Alicia Inez Guzmán, in her article Indigenous Futurisms, refers to Indigenous epistemologies that view technology as a shape-shifter, and quotes Stephen Loft—”the “shapeshifter (not unlike the Trickster himself) [is] neither inherently benign nor malevolent, but always acting and active, changing transformative, giving effect to and affecting the world.” 109 Queering technologies then, is regarding them as shape-shifters—accepting their mysterious origins and their undeniable powers of transformation. The nature of those transformations lies in the circumstance, but they are catalysts of change nevertheless. This narrative allows technologies to be fluid, untethered by original instrumentalities.
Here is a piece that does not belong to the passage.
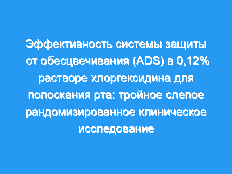 Было проведено тройное слепое перекрестное рандомизированное клиническое исследование с участием 22 здоровых добровольцев, которым было предложено полоскать рот два раза в день в течение 21 дня с использованием 0,12%-ных ополаскивателей для рта CHX, содержащих или не содержащих ADS (промывание = 21 день). Изменение цвета зубов сравнивали с помощью спектроскопии (ΔE) и прямого визуального осмотра, выполненного самим стоматологом и добровольцами. Через 6 месяцев теми же добровольцами и специально набранными врачами-стоматологами был проведен дальнейший визуальный анализ клинических изображений.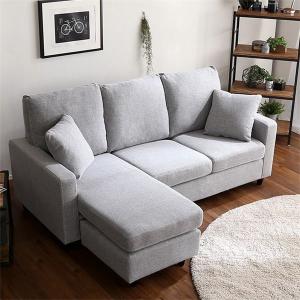 カウチソファー 3人掛け 約幅176cm ライトグレー クッション 取り外し式木製脚付き リビング ダイニング 組立品

To observe a post-capitalist world with decentered existences, speculative reality is depicted in a time where the resources the Capitalocene exploited to construct its technology have been depleted and humans live as scavengers. But the built technology of the Capitalocene survives the epoch’s end and exists as ruins waiting to be appropriated by the scavengers. This technology is projectively read by them, similar to Rem Koolhaas’s diagrammatic reading of the cartoon by A.B. Walker of a New York skyscraper. By representing a sort of fractured, somewhat suburban life inside a skyscraper frame, architecture becomes, as Koolhaas mentions “..less an act of foresight than before and planning an act of only limited prediction. It has become impossible to “plot” culture. 110 The image of villas and trees stacked on 82 floors in a frame is strange, and this strangeness allows a disabling of normative imaginations of buildings, skyscrapers and the city and invite a multiplicity of interpretations. Sarah Whiting and Robert Somol discuss Koolhaas’s interpretation in their essay Notes around the Doppler Effect and other Moods of Modernism--“These New York frames exist as instruments of metropolitan plasticity and are not primarily architecture for paying attention to; they are not for reading, but for seducing, becoming, instigating new events and behaviors.” 111
The scavengers therefore read these objects of technology not as a decipherable text, but rather as a projective diagram—capable of giving rise to many possible programmatic and functional realities. A steering wheel becomes a place to rest on, a CD player becomes a method of cooking food, a harness becomes a sleeping device. As Whiting and Somol write,”a more Foucaltian notion of disciplinarity is advanced in which the discipline is not a fixed datum or entity, but rather an active organism or discursive practice, unplanned and ungovernable.” 112 The scavengers do not attempt to reverse-engineer the techno-fossils they find to decipher the original intent of the technology and generate a design that would privilege that origin. They practice what this thesis suggests is a projective version of the practice—Diverse Engineering—one that opens up a plurality of possible interpretations.
109. Alicia Inez Guzmán, “Indigenous Futurisms,” InVisible Culture, March 15, 2015, https://ivc.lib.rochester.edu/indigenous-futurisms/. 110. Rem Koolhaas, Delirious New York. New York: The Monacelli Press Inc., 1980. Pg. 85 111. Robert Somol, and Sarah Whiting. “Notes around the Doppler Effect and Other Moods of Modernism.” Perspecta 33 (2002): 72–77. 112. Somol and Whiting, 74.